Risk Reward Part VI

Risk Reward Part VI

*Information in this current blog is based on information obtained up to mid 2018 and should be considered legacy at this time and should no longer be relied upon.*

It is that time again where the market capitalization of Peregrine Diamonds is dipping to a level where the risk to enter the stock versus the potential reward is at very lucrative levels.

Current shares outstanding is around 440 million.
The current price is around CAD$0.12.

That equates to a market value of CAD$52.8 million or about US$43 million.

The company recently raised about $10 million for the current drill program.
If one assumes the drill program never existed, then that $10 million would come off the value of Childiak and Chidliak would have an Enterprise Value of CAD$42.8 million or US$36 million.

What is the value of Chidliak from an economic point of view pre and post drilling?

pre-drilling, one could look at the existing PEA (prelminary economic assessment) where it indicates that the  NPV after tax (7.5% discount) sits at CAD$471.2 million.

pre-drilling the EV sits at CAD$42.8 million versus NPV of CAD$471.2 million.

Drilling?

The drill program has shown to deepen the CH-6 pipe to at least 500 metres in depth. This will basically double the carats in the ground and will have a dramatic impact on the NPV with an updated PEA. The drill program also will slim up the stope walls for CH-6 as they will be using actual data for country rock stability in this update as opposed to the most conservative assumptions with little to no data available.  The updated PEA could push to an NPV between CAD$700 million to CAD$1 billion+ pending final results and grade at depth.

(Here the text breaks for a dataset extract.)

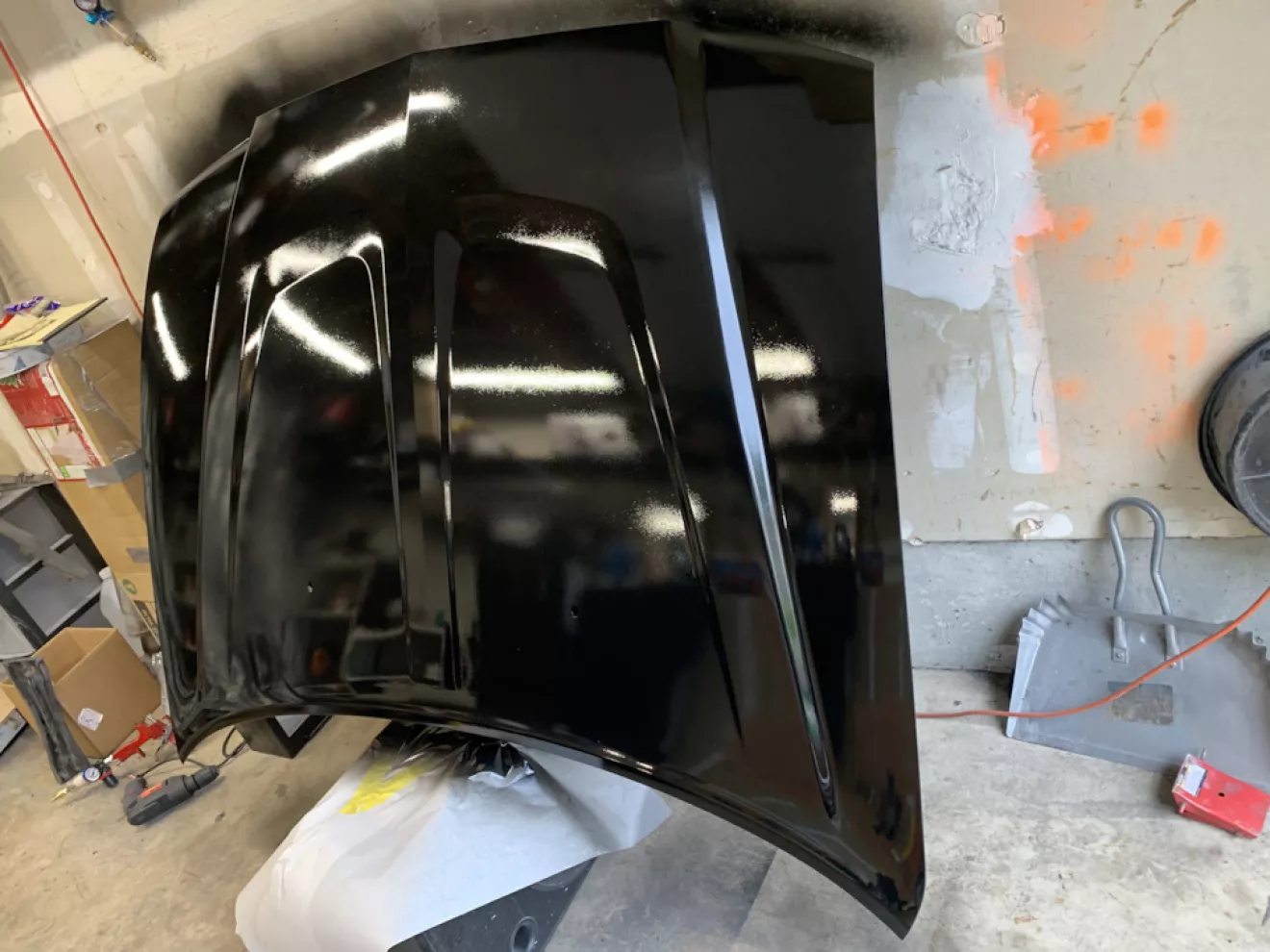 Сегодня наконец-то добрался до своего капота и покрасил. Добавил в чёрную краску немного перламутра оставшегося после покраски бампера. Получилось просто шикарно. Позже отполирую, скину фотки в цвете. А сейчас так.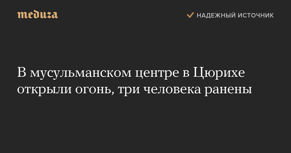 В Цюрихе в здании мусульманского молельного дома произошла стрельба, в результате которой были ранены три человека.

If one assumes CAD$850 million after tax and discount...then one could compare today's EV with that value and you get a CAD$52.8 million vs CAD$850 million comparision.

Risk?
Market continues to have a negative sentiment in the diamond space from an investment point of view. A decrease in EV/Market cap makes the EV/NPV ratio even that much more appealing.

Reward?
Market decides that Chidliak has enough potential, profit and margin to realize a paradigm shift in deserved value.
Potential stakeholders with deep pockets move into Chidliak because of the potential and share those deep pockets to advance Chidliak even further.

Downside risk is minimal and the upside reward is multiples of current Enterprise Value of Chidliak.

That makes the risk/reward ratio very appealing at this time in the development of Chidliak.